Results and discussion
Results of examinations
- Clinical signs:
- no effects observed
- Mortality:
- no mortality observed
- Body weight and weight changes:
- no effects observed
- Food consumption and compound intake (if feeding study):
- not examined
- Food efficiency:
- not examined
- Water consumption and compound intake (if drinking water study):
- not examined
- Ophthalmological findings:
- effects observed, treatment-related
- Haematological findings:
- not examined
- Clinical biochemistry findings:
- not examined
- Urinalysis findings:
- not examined
- Behaviour (functional findings):
- not examined
- Organ weight findings including organ / body weight ratios:
- effects observed, treatment-related
- Gross pathological findings:
- no effects observed
- Histopathological findings: non-neoplastic:
- effects observed, treatment-related
- Histopathological findings: neoplastic:
- effects observed, treatment-related
- Details on results:
- Animal health: No clinical signs of toxicity were noted at any time throughout the exposure study in females, and few of the male mice had rough hair coats and slight hair loss at the latter time points. No statistically significant differences between control and exposure groups were observed in body weight gain of females or males exposed for 13 weeks.

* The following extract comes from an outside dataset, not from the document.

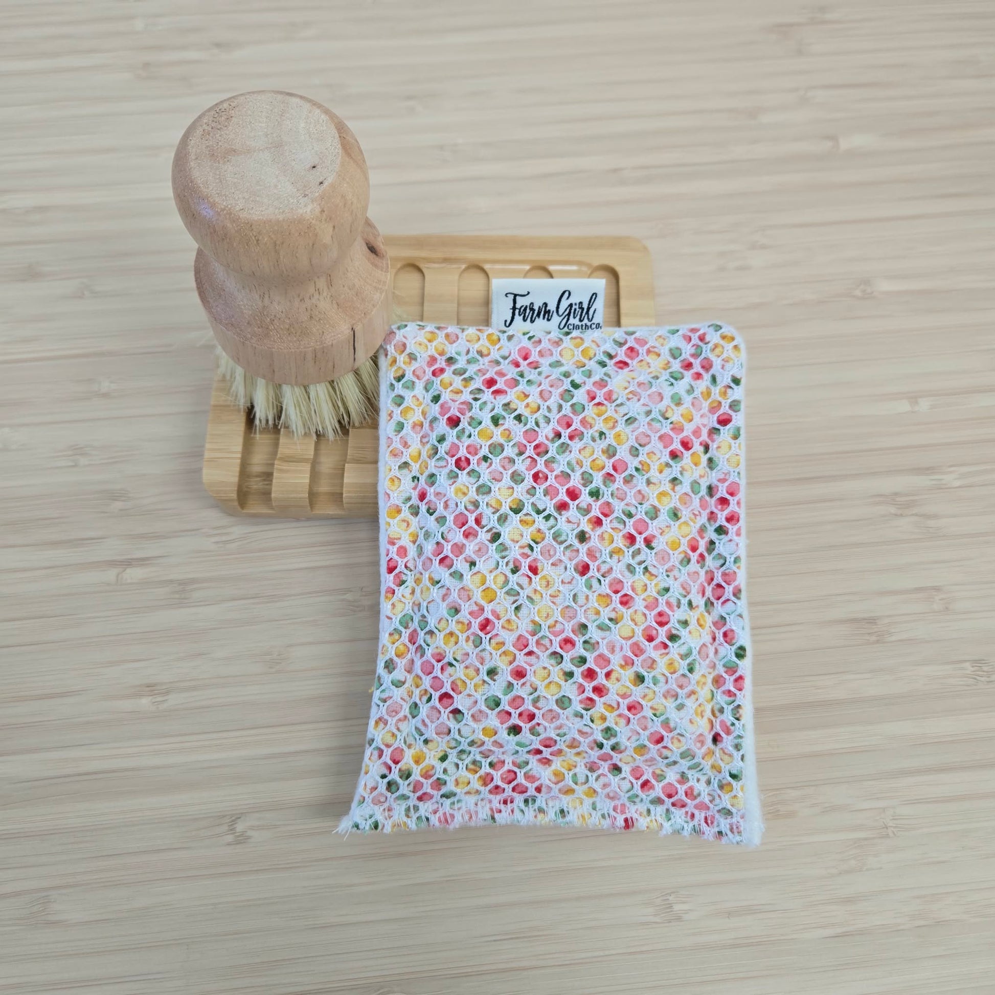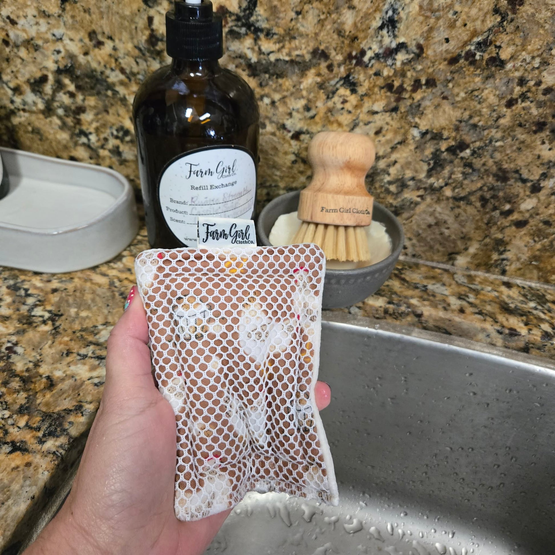Farm Girl Unsponges are handmade with high quality materials in cute patterns. Made from Organic Hemp/Cotton Fleece for high absorbency and soft washing surface (naturally antibacterial!), thin layer of eco recycled foam to absorb and make suds, flannel or cotton print for absorbency and color, and mesh topper for gentle scrub. Approximately 5.5" x 4" fits nicely in your hand, and fits in bowls and cups with ease. Be careful with knives and sharp objects that will cut the sponge!

Organ weights: Relative liver weights were increased at each necropsy time point in female and male mice exposed to 90 ppm. No differences in relative kidney weights were observed between control and exposure groups at any time point.

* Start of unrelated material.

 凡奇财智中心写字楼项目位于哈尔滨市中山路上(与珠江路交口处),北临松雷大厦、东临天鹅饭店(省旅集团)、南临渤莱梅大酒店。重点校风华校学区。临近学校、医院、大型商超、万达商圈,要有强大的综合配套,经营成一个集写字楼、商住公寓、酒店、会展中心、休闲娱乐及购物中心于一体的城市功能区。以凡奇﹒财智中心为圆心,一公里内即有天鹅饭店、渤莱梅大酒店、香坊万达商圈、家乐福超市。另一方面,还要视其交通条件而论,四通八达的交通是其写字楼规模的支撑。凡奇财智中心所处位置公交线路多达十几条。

Liver and kidney histopathology and cell proliferation: After 13 weeks of 7 days/week exposure, microscopic liver alterations (mild degenerative changes of slight centrilobular hepatocyte swelling and vacuolation) were present in 4/14 female mice exposed to 10 ppm and 10/15 mice exposed to 30 ppm. All female mice exposed to 90 ppm chloroform for 13 weeks at 5 days/week had mild changes of hepatocyte vacuolation and scattered enlarged nuclei. Increased cell proliferation was not observed at any time point with doses of 10 ppm or lower, but occurred at 3 and 6 weeks with doses of 30 ppm and at 13 weeks with doses of 90 ppm. Lesion scores for male mice exposed for 13 weeks at 7 days/week were increased above background at 30 and 90 ppm. Swollen centrilobular hepatocytes with pale eosinophilic cytoplasm, enlarged nuclei and centrilobular to midzonal hepatocyte vacuolation were observed. Significant increases in hepatocyte labelling index were found only in male mice exposed to 90 ppm.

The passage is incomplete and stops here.